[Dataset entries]
┌──
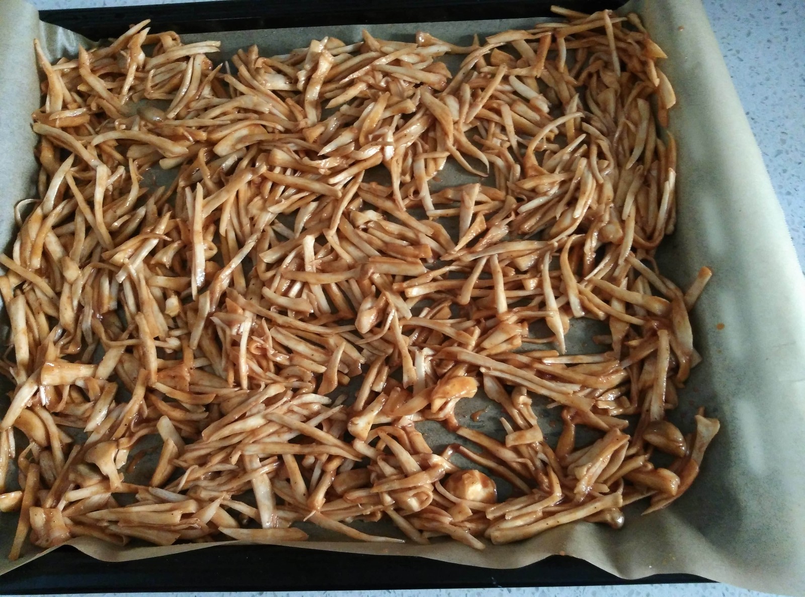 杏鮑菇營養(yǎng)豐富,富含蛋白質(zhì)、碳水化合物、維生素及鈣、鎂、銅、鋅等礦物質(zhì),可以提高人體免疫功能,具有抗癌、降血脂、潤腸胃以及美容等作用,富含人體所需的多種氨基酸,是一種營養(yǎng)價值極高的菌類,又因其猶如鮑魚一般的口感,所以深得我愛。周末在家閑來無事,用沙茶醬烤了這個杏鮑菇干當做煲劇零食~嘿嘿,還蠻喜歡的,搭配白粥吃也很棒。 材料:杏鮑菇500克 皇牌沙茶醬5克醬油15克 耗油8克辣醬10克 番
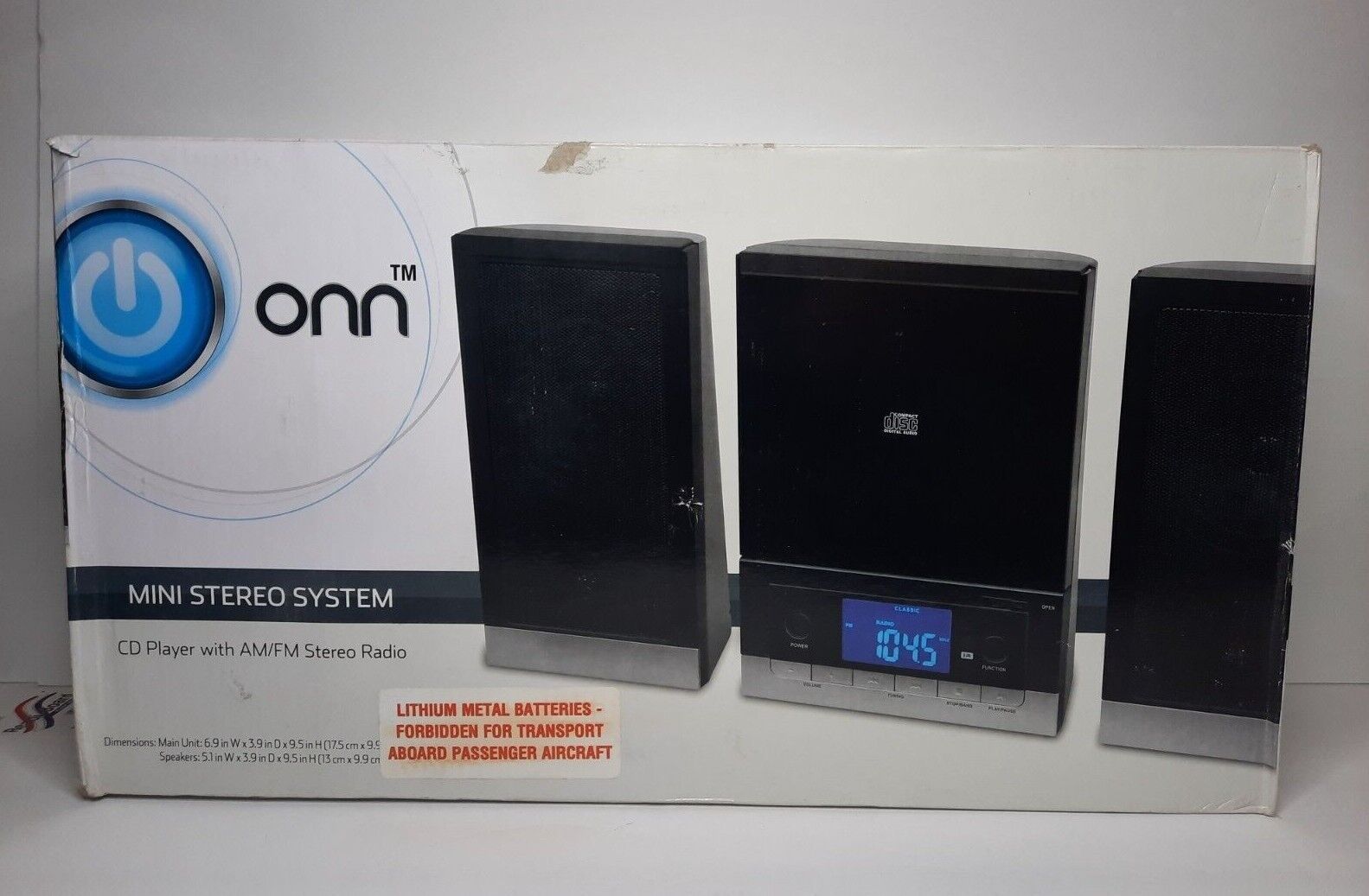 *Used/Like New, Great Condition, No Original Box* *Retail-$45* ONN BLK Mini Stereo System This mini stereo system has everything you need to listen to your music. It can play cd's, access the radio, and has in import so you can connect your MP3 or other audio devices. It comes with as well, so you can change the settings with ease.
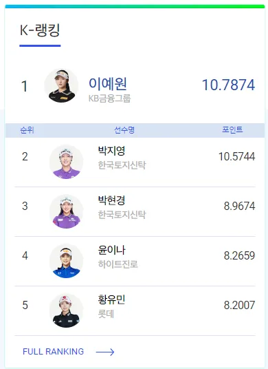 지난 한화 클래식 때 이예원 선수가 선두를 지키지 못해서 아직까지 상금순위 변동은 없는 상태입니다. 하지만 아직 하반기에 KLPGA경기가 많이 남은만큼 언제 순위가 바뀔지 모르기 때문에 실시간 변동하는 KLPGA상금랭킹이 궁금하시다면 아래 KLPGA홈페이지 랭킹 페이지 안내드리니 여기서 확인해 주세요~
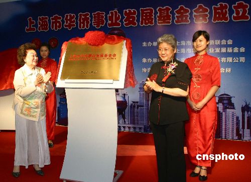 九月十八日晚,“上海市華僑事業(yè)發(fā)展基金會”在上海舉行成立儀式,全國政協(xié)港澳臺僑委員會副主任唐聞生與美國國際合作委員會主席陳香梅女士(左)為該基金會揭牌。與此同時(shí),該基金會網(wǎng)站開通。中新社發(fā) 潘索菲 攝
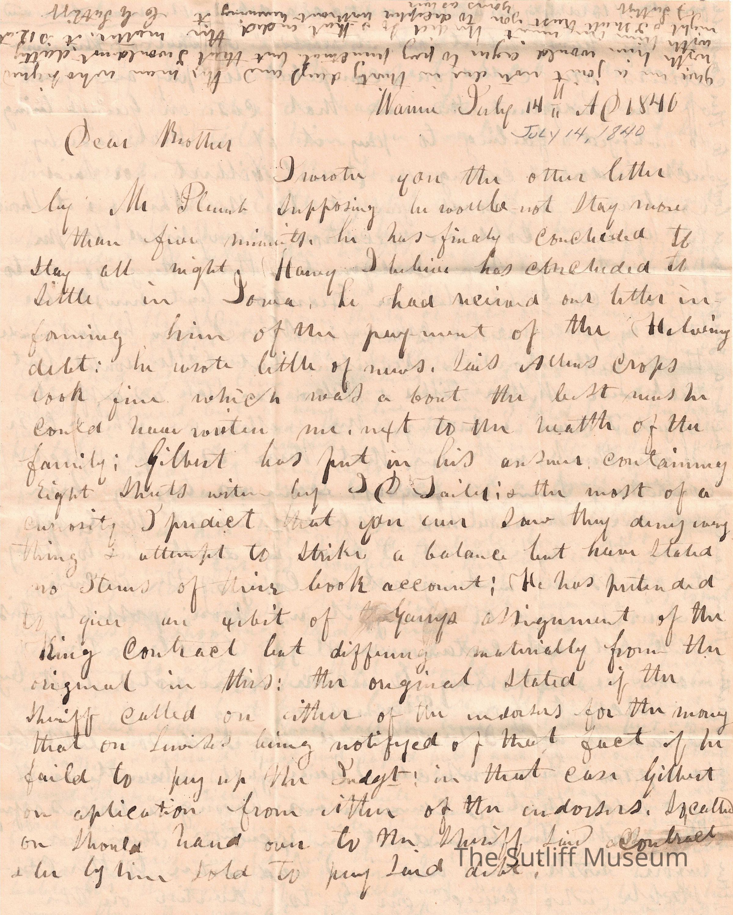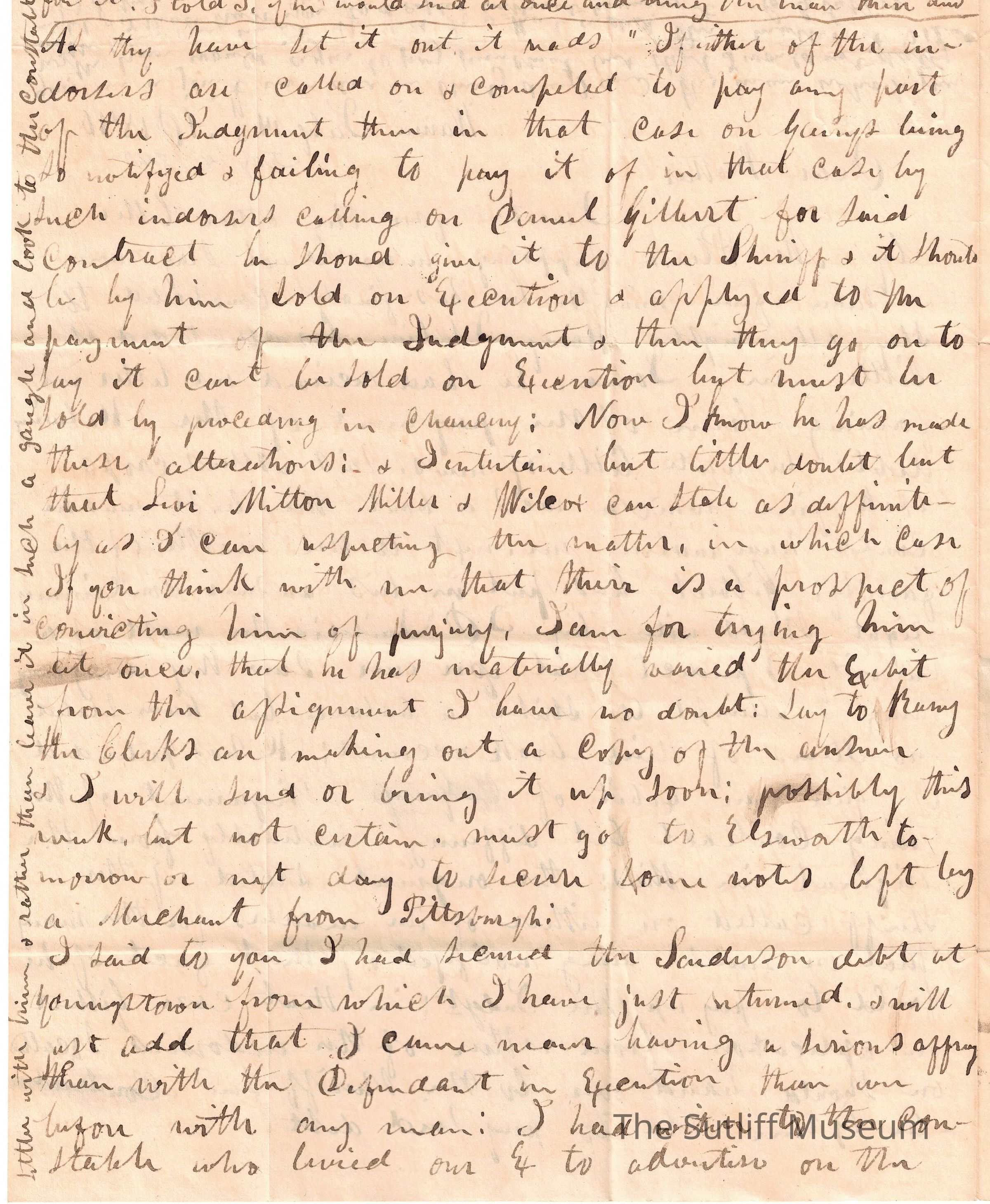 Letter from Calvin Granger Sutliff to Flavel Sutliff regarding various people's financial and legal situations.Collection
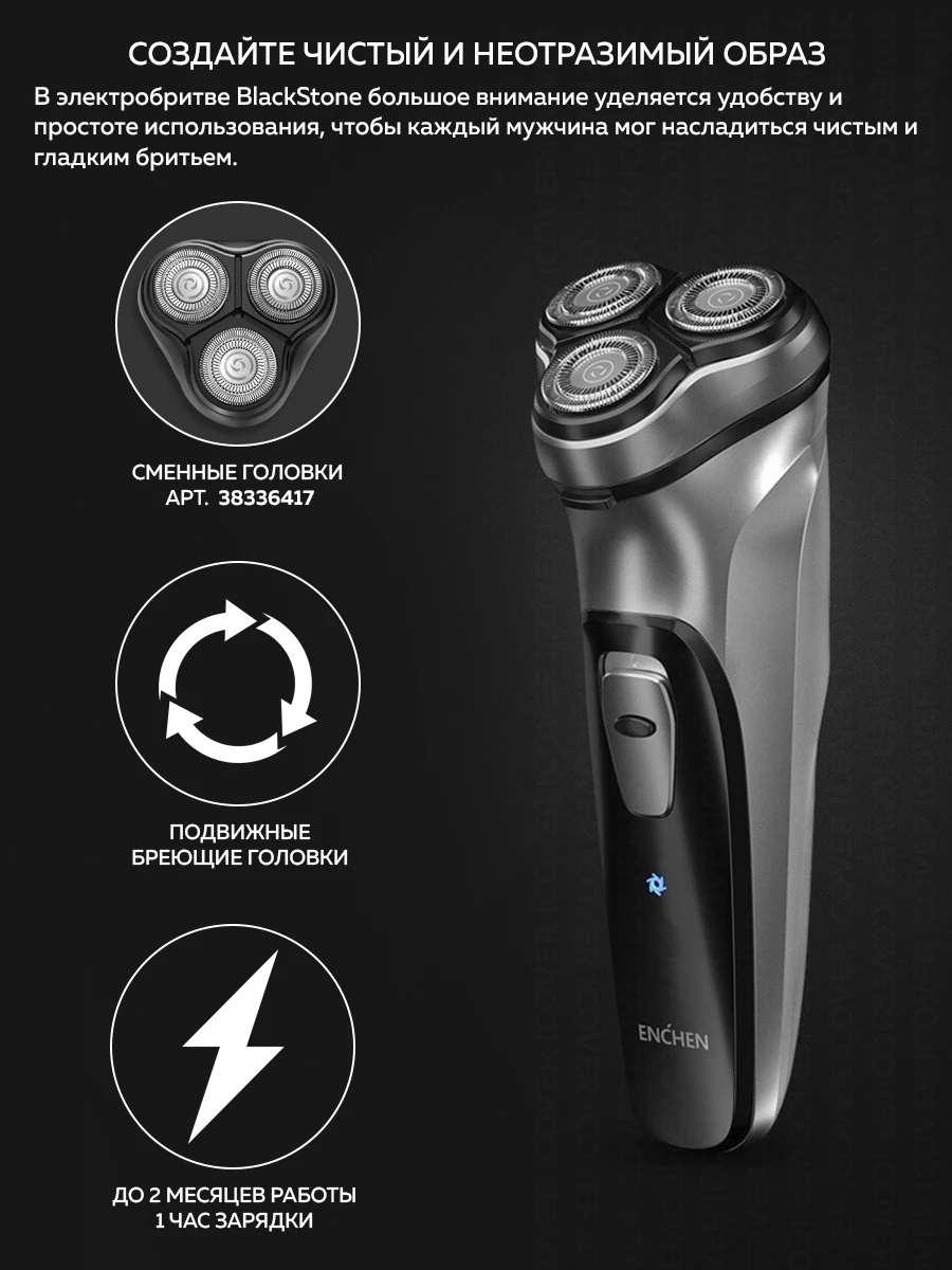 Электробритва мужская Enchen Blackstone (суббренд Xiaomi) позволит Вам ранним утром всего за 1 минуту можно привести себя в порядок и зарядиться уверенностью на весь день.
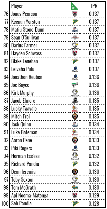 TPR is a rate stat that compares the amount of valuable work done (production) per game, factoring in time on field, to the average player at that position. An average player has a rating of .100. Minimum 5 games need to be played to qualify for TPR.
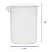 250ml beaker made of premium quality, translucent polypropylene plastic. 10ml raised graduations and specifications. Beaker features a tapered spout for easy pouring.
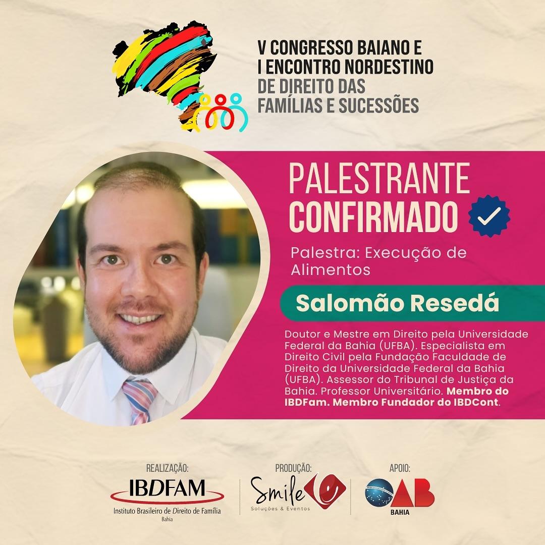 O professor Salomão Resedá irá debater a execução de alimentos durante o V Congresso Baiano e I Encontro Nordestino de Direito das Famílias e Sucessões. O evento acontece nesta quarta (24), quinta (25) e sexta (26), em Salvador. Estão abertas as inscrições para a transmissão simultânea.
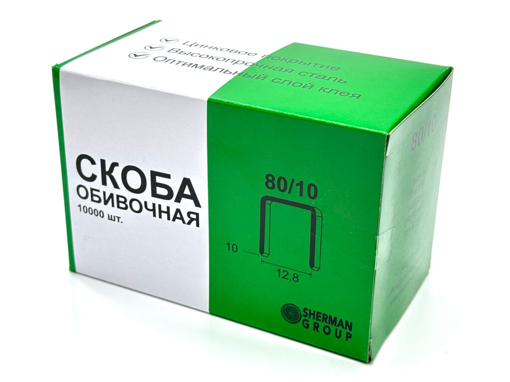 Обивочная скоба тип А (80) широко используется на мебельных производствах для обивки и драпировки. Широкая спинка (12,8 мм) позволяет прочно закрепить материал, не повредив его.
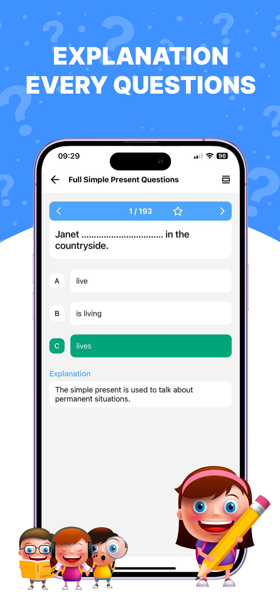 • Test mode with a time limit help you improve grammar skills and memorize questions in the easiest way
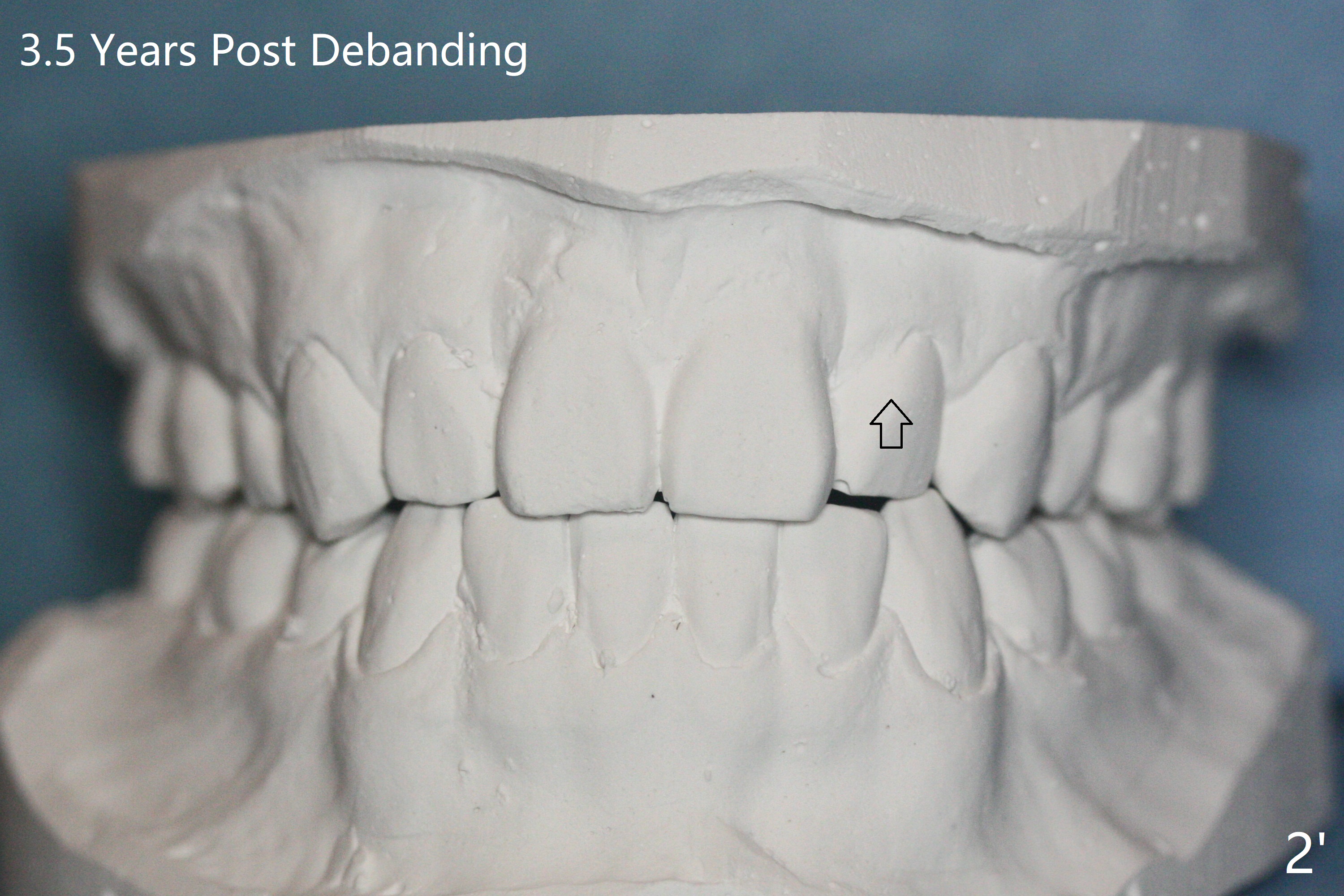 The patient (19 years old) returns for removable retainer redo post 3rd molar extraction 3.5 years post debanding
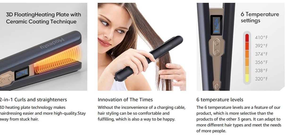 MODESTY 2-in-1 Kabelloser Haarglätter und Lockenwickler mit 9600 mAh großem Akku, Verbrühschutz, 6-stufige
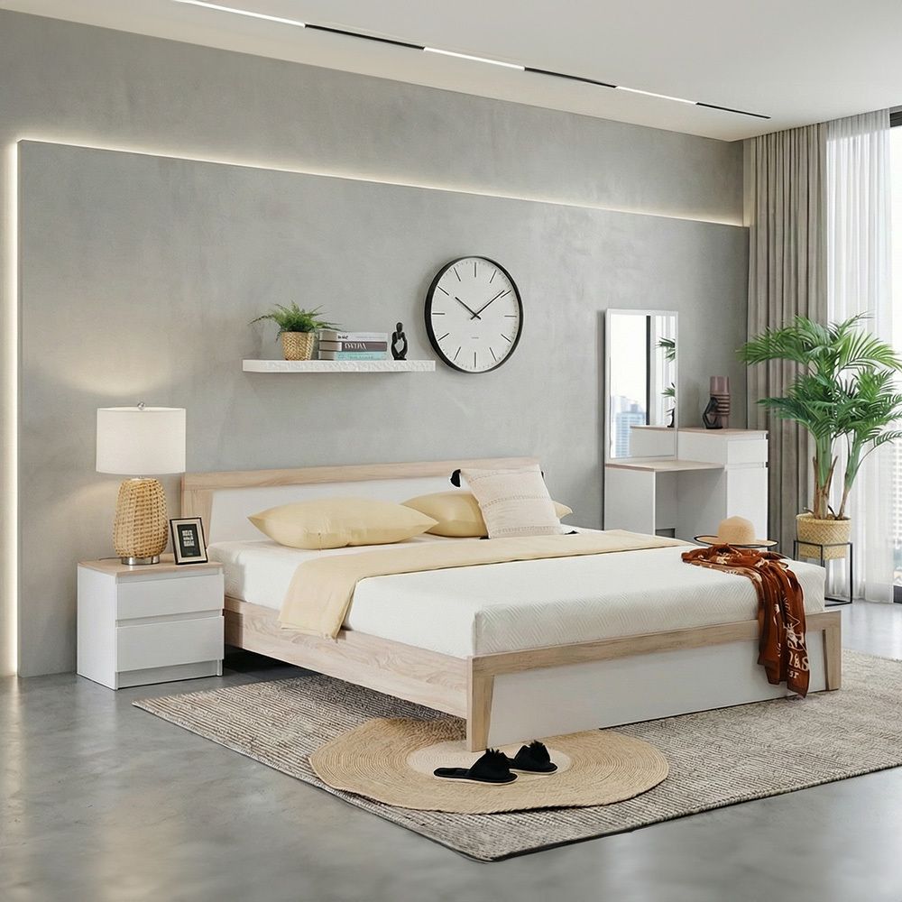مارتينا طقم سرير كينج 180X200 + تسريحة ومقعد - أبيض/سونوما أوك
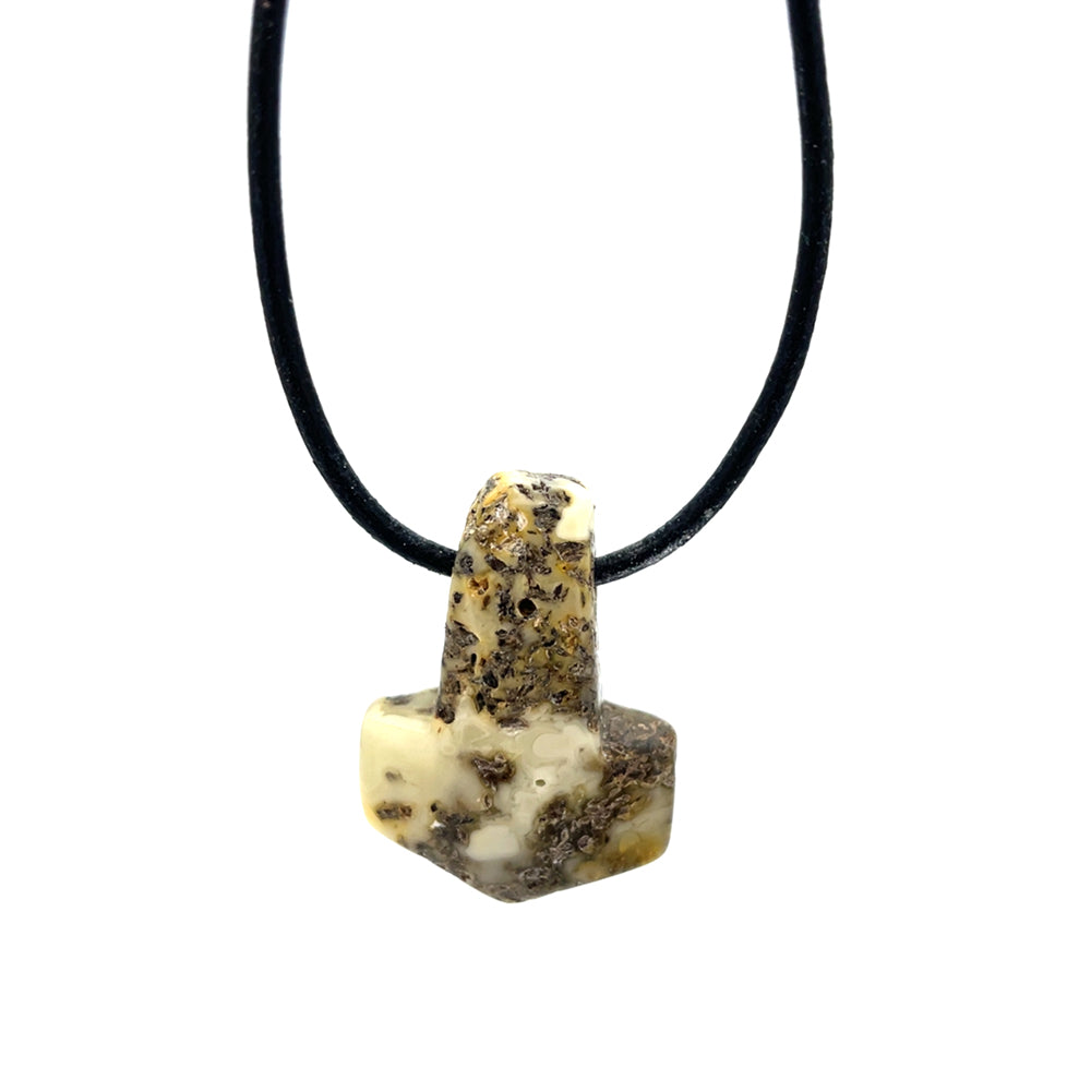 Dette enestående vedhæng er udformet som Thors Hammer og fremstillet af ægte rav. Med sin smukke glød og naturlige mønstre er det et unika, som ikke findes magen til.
└──
[TASK BRIEF] Output the records above as they stand, from the first line to the line with "250ml beaker made", inclusive, and exclude the pictures.

[EXERCISE OUTPUT]
 杏鮑菇營養(yǎng)豐富,富含蛋白質(zhì)、碳水化合物、維生素及鈣、鎂、銅、鋅等礦物質(zhì),可以提高人體免疫功能,具有抗癌、降血脂、潤腸胃以及美容等作用,富含人體所需的多種氨基酸,是一種營養(yǎng)價值極高的菌類,又因其猶如鮑魚一般的口感,所以深得我愛。周末在家閑來無事,用沙茶醬烤了這個杏鮑菇干當做煲劇零食~嘿嘿,還蠻喜歡的,搭配白粥吃也很棒。 材料:杏鮑菇500克 皇牌沙茶醬5克醬油15克 耗油8克辣醬10克 番
 *Used/Like New, Great Condition, No Original Box* *Retail-$45* ONN BLK Mini Stereo System This mini stereo system has everything you need to listen to your music. It can play cd's, access the radio, and has in import so you can connect your MP3 or other audio devices. It comes with as well, so you can change the settings with ease.
 지난 한화 클래식 때 이예원 선수가 선두를 지키지 못해서 아직까지 상금순위 변동은 없는 상태입니다. 하지만 아직 하반기에 KLPGA경기가 많이 남은만큼 언제 순위가 바뀔지 모르기 때문에 실시간 변동하는 KLPGA상금랭킹이 궁금하시다면 아래 KLPGA홈페이지 랭킹 페이지 안내드리니 여기서 확인해 주세요~
 九月十八日晚,“上海市華僑事業(yè)發(fā)展基金會”在上海舉行成立儀式,全國政協(xié)港澳臺僑委員會副主任唐聞生與美國國際合作委員會主席陳香梅女士(左)為該基金會揭牌。與此同時(shí),該基金會網(wǎng)站開通。中新社發(fā) 潘索菲 攝
 Letter from Calvin Granger Sutliff to Flavel Sutliff regarding various people's financial and legal situations.Collection
 Электробритва мужская Enchen Blackstone (суббренд Xiaomi) позволит Вам ранним утром всего за 1 минуту можно привести себя в порядок и зарядиться уверенностью на весь день.
 TPR is a rate stat that compares the amount of valuable work done (production) per game, factoring in time on field, to the average player at that position. An average player has a rating of .100. Minimum 5 games need to be played to qualify for TPR.
 250ml beaker made of premium quality, translucent polypropylene plastic. 10ml raised graduations and specifications. Beaker features a tapered spout for easy pouring.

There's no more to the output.